• **ACTION ITEM**:
Exactly the lines below from the line with "В Киеве объединения" through the line with "Sterling Amber and" must make up the answer, both ends included and pictures left out.

• **RECORDS PROVIDED**:
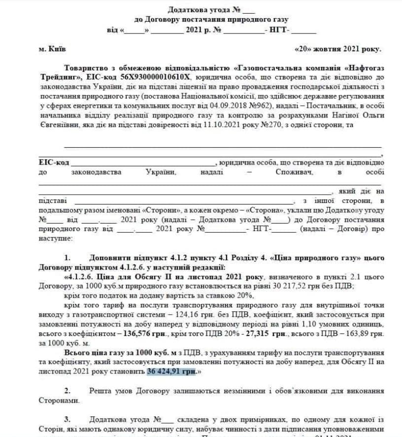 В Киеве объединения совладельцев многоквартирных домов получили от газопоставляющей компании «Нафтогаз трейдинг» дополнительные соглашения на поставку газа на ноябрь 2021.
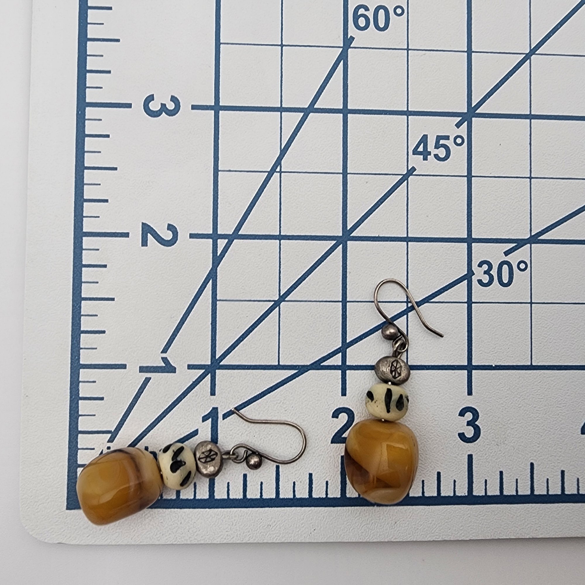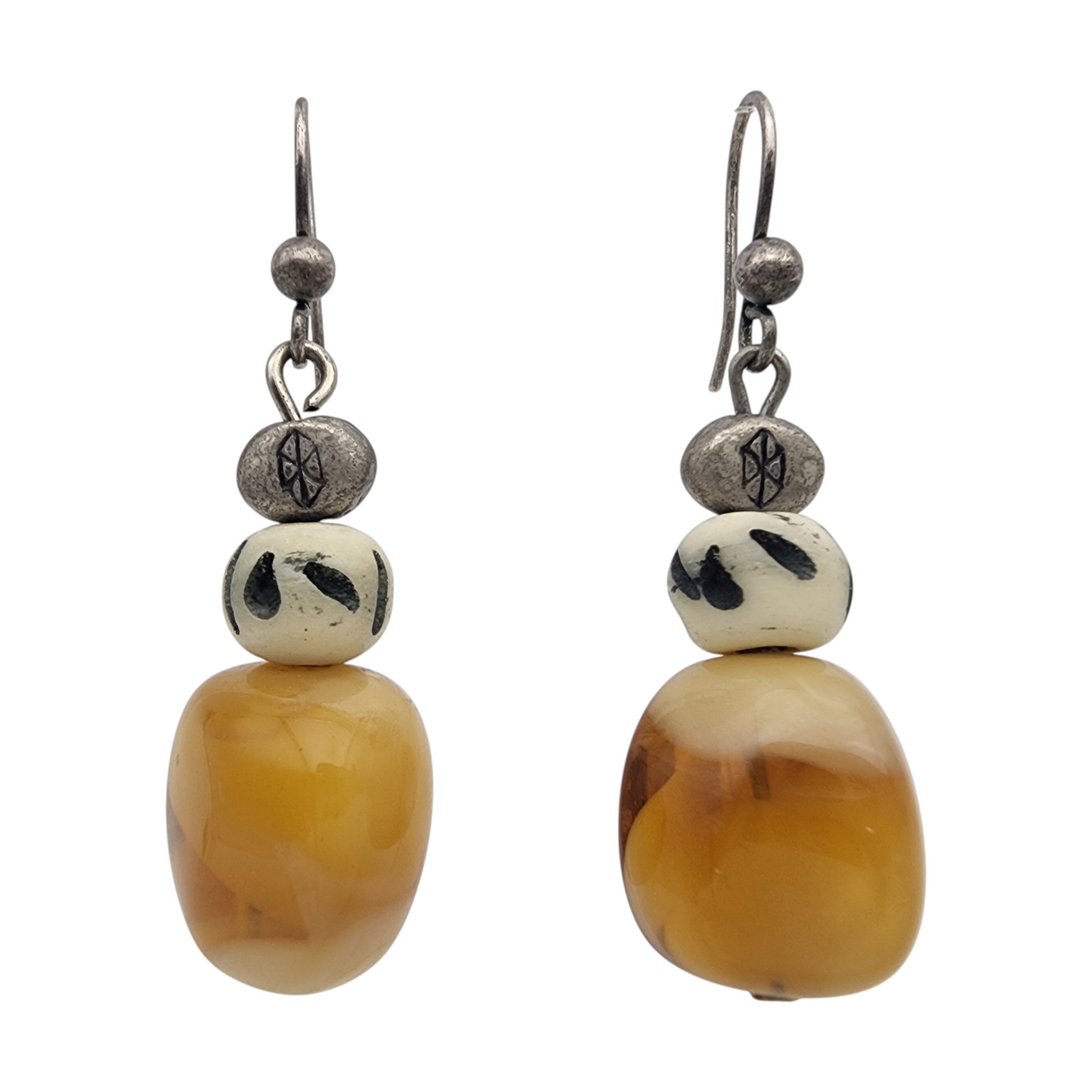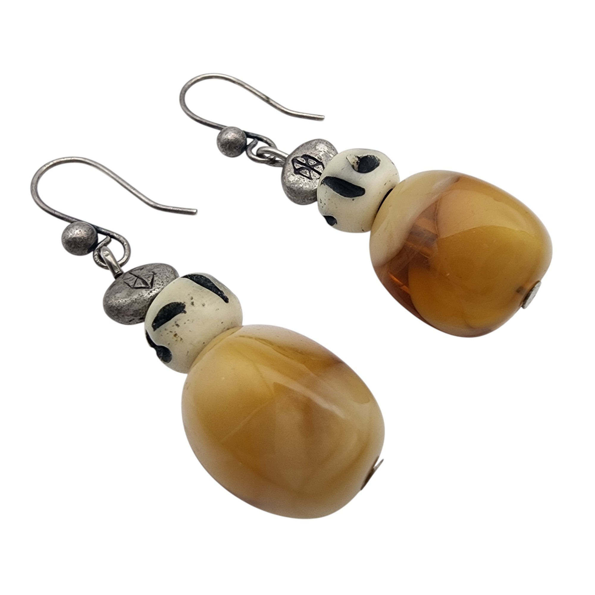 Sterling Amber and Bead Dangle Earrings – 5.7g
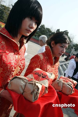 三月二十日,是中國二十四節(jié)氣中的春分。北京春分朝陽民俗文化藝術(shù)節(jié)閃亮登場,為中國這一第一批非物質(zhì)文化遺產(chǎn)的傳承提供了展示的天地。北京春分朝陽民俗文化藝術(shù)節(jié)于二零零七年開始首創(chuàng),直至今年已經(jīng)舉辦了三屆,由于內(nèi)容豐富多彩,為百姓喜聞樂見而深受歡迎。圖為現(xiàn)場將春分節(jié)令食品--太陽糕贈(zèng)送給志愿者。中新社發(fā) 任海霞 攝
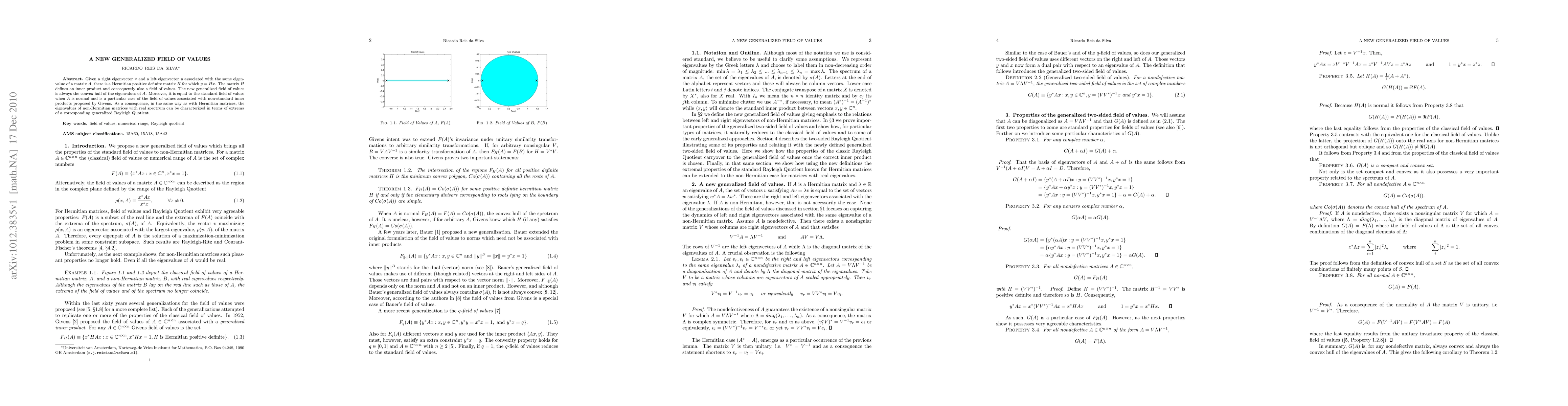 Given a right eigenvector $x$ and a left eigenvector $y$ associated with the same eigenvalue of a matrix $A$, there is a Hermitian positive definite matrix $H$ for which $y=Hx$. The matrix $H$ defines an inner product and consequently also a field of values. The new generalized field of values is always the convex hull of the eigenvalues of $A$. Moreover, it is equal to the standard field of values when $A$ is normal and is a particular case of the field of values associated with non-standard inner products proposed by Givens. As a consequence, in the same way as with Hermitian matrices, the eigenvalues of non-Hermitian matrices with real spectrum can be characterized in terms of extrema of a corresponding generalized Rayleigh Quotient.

==

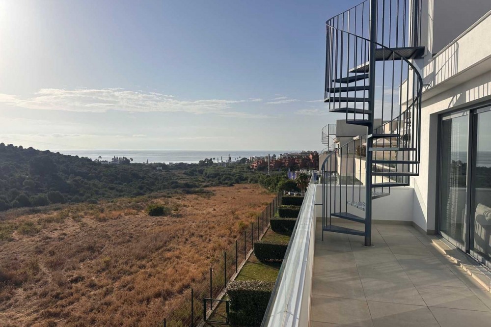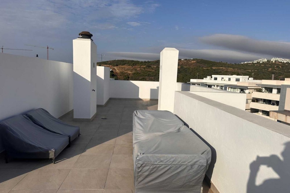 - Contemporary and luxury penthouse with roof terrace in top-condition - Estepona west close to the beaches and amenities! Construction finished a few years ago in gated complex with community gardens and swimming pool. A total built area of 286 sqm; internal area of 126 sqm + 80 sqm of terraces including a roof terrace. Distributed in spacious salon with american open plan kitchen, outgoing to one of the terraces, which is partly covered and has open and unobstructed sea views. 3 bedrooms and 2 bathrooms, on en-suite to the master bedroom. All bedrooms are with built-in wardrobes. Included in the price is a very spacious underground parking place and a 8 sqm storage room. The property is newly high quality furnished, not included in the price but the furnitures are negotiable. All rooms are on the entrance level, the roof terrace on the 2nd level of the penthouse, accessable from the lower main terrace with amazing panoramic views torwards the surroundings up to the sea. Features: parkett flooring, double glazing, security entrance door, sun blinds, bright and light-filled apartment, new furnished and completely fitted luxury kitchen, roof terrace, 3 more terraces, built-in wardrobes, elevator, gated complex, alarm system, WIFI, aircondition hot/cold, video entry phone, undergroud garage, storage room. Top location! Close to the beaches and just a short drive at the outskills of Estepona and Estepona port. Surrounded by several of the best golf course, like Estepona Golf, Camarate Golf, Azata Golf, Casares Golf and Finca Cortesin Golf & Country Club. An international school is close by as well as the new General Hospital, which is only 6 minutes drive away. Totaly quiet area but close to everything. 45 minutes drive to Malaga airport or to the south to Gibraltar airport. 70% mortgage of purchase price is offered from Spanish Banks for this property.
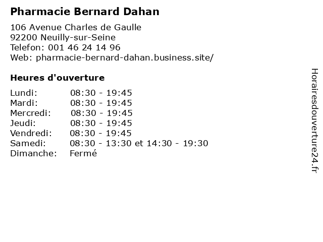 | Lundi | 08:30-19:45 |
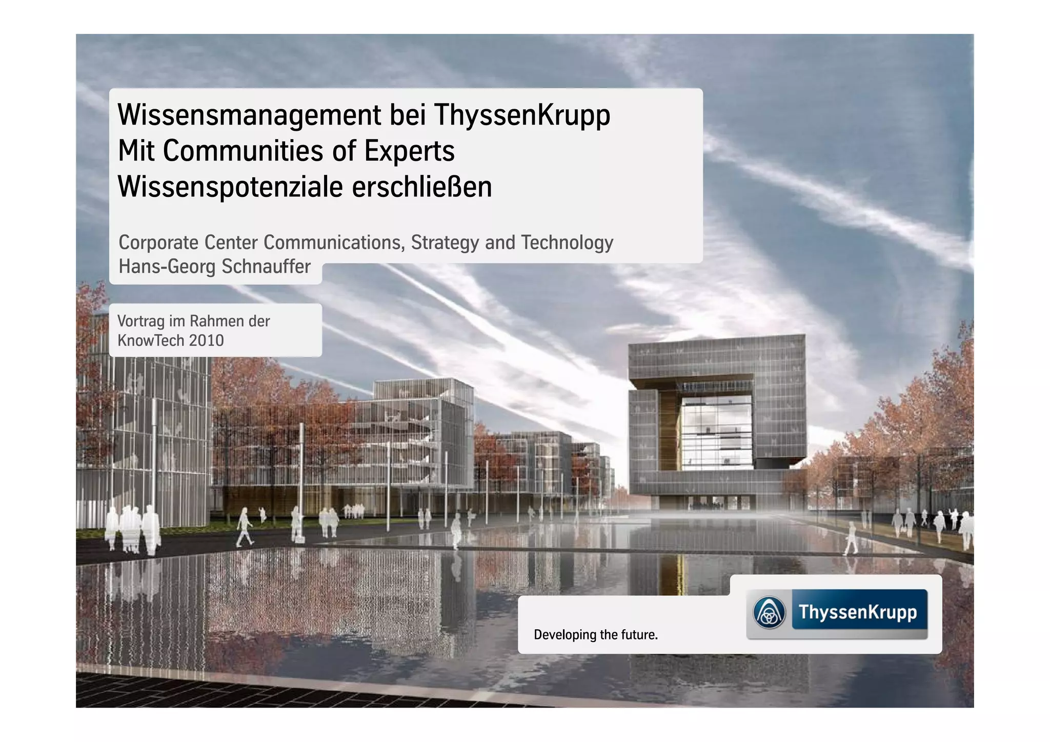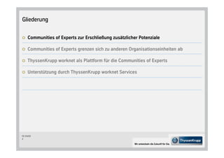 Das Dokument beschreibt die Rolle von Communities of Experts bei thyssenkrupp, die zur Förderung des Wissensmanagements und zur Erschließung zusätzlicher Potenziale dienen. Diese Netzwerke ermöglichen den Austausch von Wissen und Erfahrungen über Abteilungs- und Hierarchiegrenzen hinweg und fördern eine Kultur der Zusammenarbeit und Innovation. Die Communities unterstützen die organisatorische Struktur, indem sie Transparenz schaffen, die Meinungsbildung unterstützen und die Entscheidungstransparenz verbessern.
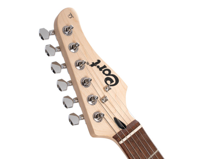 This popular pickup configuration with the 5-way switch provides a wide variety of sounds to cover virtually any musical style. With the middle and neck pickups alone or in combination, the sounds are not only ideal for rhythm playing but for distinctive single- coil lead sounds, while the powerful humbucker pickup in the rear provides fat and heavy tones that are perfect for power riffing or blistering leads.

* * *

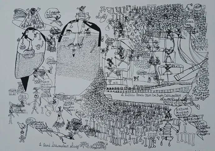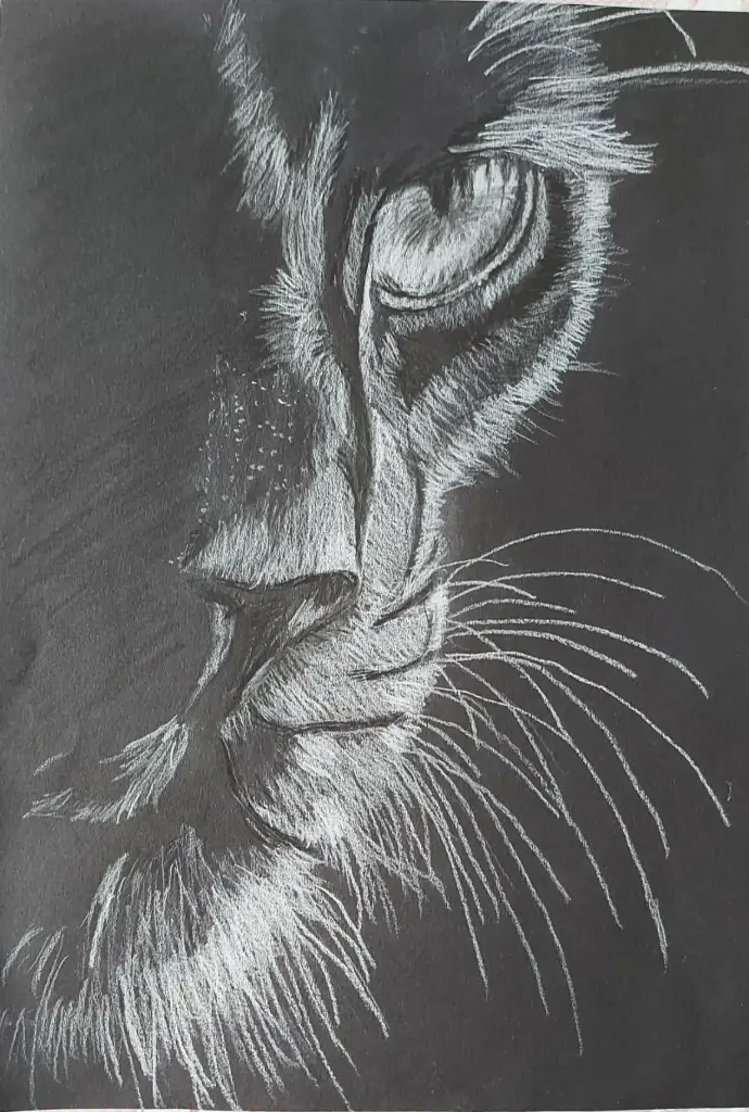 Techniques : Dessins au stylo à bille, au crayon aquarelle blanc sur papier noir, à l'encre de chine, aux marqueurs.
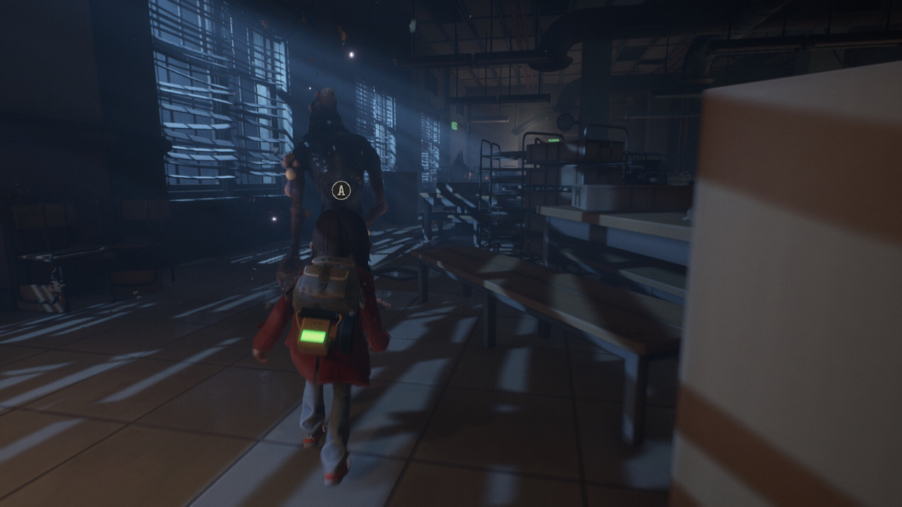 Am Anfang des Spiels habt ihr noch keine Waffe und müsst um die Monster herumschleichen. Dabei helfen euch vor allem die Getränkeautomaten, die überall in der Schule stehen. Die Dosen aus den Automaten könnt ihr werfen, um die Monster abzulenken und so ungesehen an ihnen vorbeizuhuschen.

• **ANSWER TO THE EXERCISE**:
 В Киеве объединения совладельцев многоквартирных домов получили от газопоставляющей компании «Нафтогаз трейдинг» дополнительные соглашения на поставку газа на ноябрь 2021.
 Sterling Amber and Bead Dangle Earrings – 5.7g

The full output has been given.